A factorial design is one in which the researcher manipulates or observes two or more independent variables — called factors — simultaneously and examines their individual and combined effects on a single outcome variable. The power of the factorial approach lies in the word combined: beyond estimating the effect of each factor in isolation (the main effects), the factorial ANOVA tests whether the effect of one factor depends on the level of another. This conditional relationship is called an interaction, and interactions are among the most scientifically interesting findings in all of movement science research. A training program that improves strength in male athletes but not female athletes, or that produces gains in the first training block but not the second, involves an interaction — and a factorial design is required to detect it^[1,2].

This chapter develops the factorial ANOVA framework across three design types that movement science researchers commonly encounter. The between-subjects factorial ANOVA (also called two-way ANOVA) tests the effects of two or more between-groups factors, where each participant appears in only one combination of factor levels. The mixed factorial ANOVA — arguably the most common design in training and rehabilitation research — combines at least one between-subjects factor (such as group) with at least one within-subjects (repeated measures) factor (such as time), allowing the researcher to ask whether groups differ in how they change. The within-within factorial extends the repeated measures design to two within-subjects factors, such as testing the same participants under multiple conditions and at multiple time points.

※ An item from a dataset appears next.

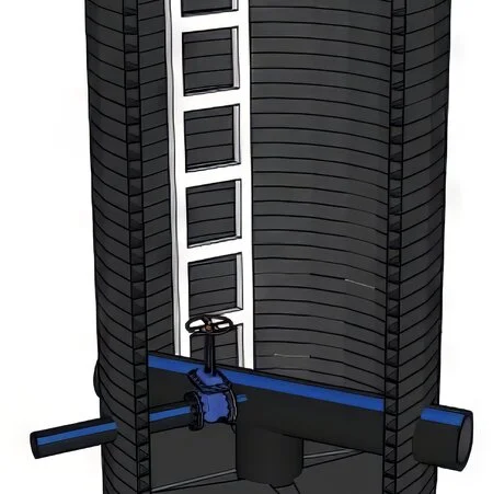 Водопроводный сварной колодец FD SVT изготавливается из спиральновитой трубы FD. Спиральновитые шахты благодаря уникальной конструкции стенки имеют большие показатели кольцевой жесткости при существенно меньшем весе. Типовой сварной колодец состоит из шахты, горловины и заглушки. Подведение гладких труб соответствующего проектного диаметра осуществляется непосредственно в шахту колодца.

Throughout this chapter, the worked examples continue with the core_session.csv dataset that runs through this textbook. The primary question addressed is: did a 12-week training program produce strength gains, and did the magnitude of those gains differ by participant sex or by the trajectory across three time points? This is precisely the kind of multifactorial question that characterizes modern movement science, and it produces some of the most instructive statistical output in the book.

16.2 Learning objectives

By the end of this chapter, you will be able to:

Define a factorial design and explain how it differs from multiple one-way ANOVAs.
Distinguish between main effects and interaction effects and explain what it means for an interaction to be present.
Describe how total variance is partitioned in a two-way between-subjects ANOVA, a mixed factorial ANOVA, and a within-within ANOVA.
Identify the correct error term for each F-ratio in a mixed factorial ANOVA.
Interpret an interaction plot and determine whether patterns suggest a qualitative or quantitative interaction.
Conduct simple effects analysis to decompose a statistically significant interaction.
Compute and interpret partial eta-squared (η²_p) and partial omega-squared (ω²_p) for each effect in a factorial design.
Report factorial ANOVA results in APA format, including all main effects, the interaction, and follow-up tests.

16.3 Workflow for factorial ANOVA

Use this sequence when two or more factors are involved:

Identify the design — how many factors? Is each between-subjects or within-subjects?
Check assumptions — normality, homogeneity of variance (between-subjects factors), and sphericity (within-subjects factors with ≥ 3 levels).
Run the factorial ANOVA and inspect all three sources of variance: Factor A, Factor B, and A × B interaction.
Interpret the interaction first — if it is significant, the main effects cannot be interpreted in isolation.
If the interaction is significant, run simple effects analysis: test Factor A separately at each level of Factor B (or vice versa).
If the interaction is not significant, interpret main effects directly; apply post hoc tests for factors with three or more levels.
Calculate effect sizes (η²_p and ω²_p) for each source.
Interpret and report in APA format.

16.4 What is a factorial design?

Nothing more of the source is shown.